Chen Maobo: the international demand for RMB is increasing. Hong Kong will play a chess-eye role.

[Chen Maobo: increasing international demand for RMB Hong Kong will play a chess-eye role] Hong Kong Financial Secretary Chen Maobo said on the 11th that the "double-counter model" launched by the Hong Kong Stock Exchange on the 19th of this month, the first batch of 24 shares on the list will be traded in Hong Kong dollars or RMB respectively, covering technology, Internet, finance, real estate and consumer categories. It accounts for about 40% of the average daily turnover of Hong Kong stocks. In the future, the number of shares that can be traded in a dual-counter model will increase in stages, he said.
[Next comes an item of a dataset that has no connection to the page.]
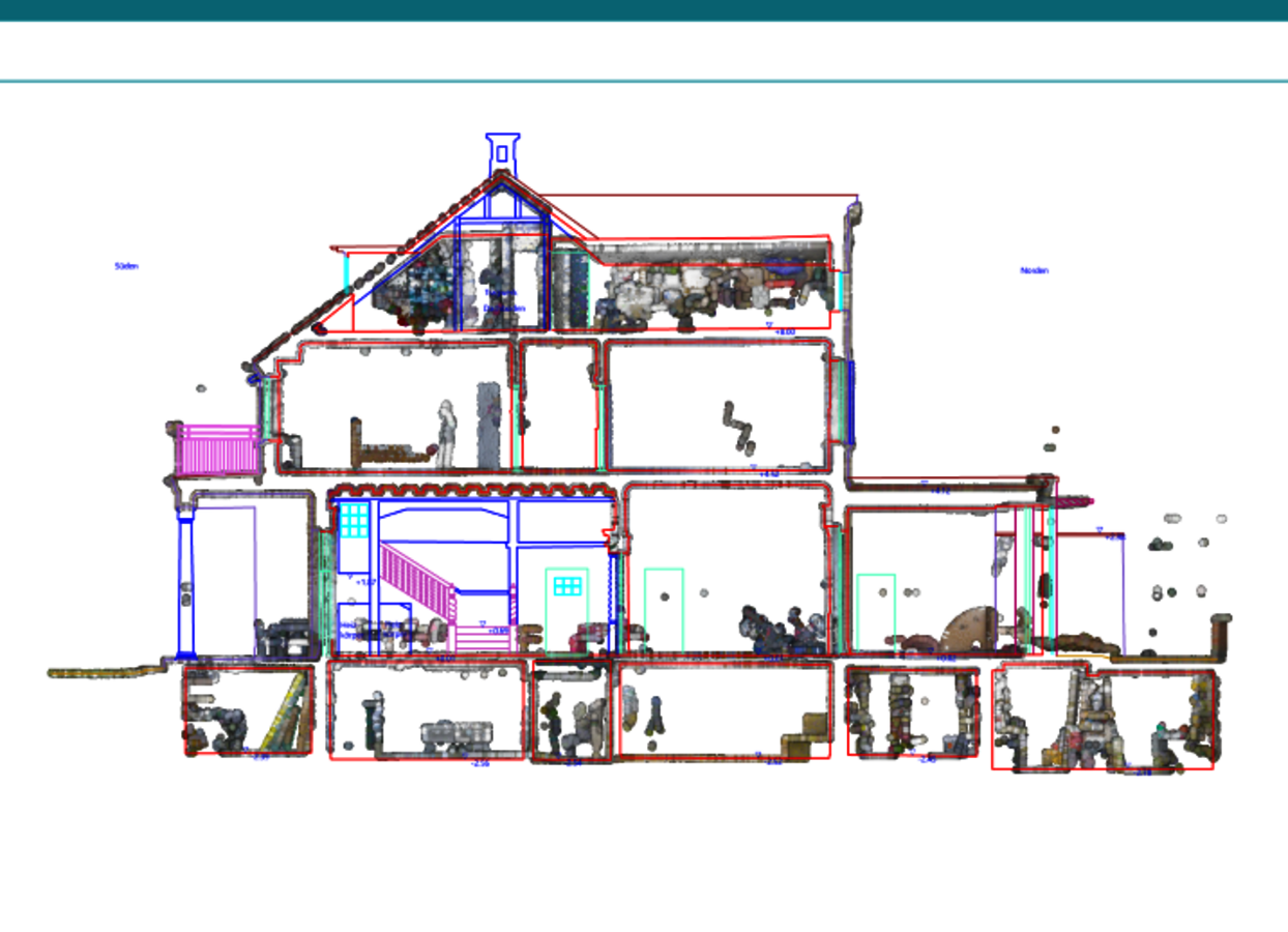 It took the team three days to scan the 150-year-old building with around 350 points of view and a usable living space of 1,000 m². The subsequent registration and cleansing of the point clouds, as well as the evaluation and derivation of geometries from them, took another 3.5 times this time in the office.

To effectively reduce the price difference between the Hong Kong dollar counter and the RMB counter, and at the same time increase the liquidity of the RMB counter. The new arrangement will include the establishment of a "double-counter counter bookmaker mechanism". At present, nine exchange participants have been granted double-counter banker licences. The next step will be to promote the inclusion of RMB-denominated securities in Nanxiangtong, so that mainland investors can directly use onshore RMB funds to buy and sell Hong Kong stocks. Reduce the exchange risk that funds may face when they move south. He said that in the foreseeable future, the international demand for the use of RMB will only continue to increase, while the provision of richer and deeper market products and the deepening of connectivity mechanisms will enable Hong Kong to play a unique "chess eye" role in the big chess game of RMB internationalization.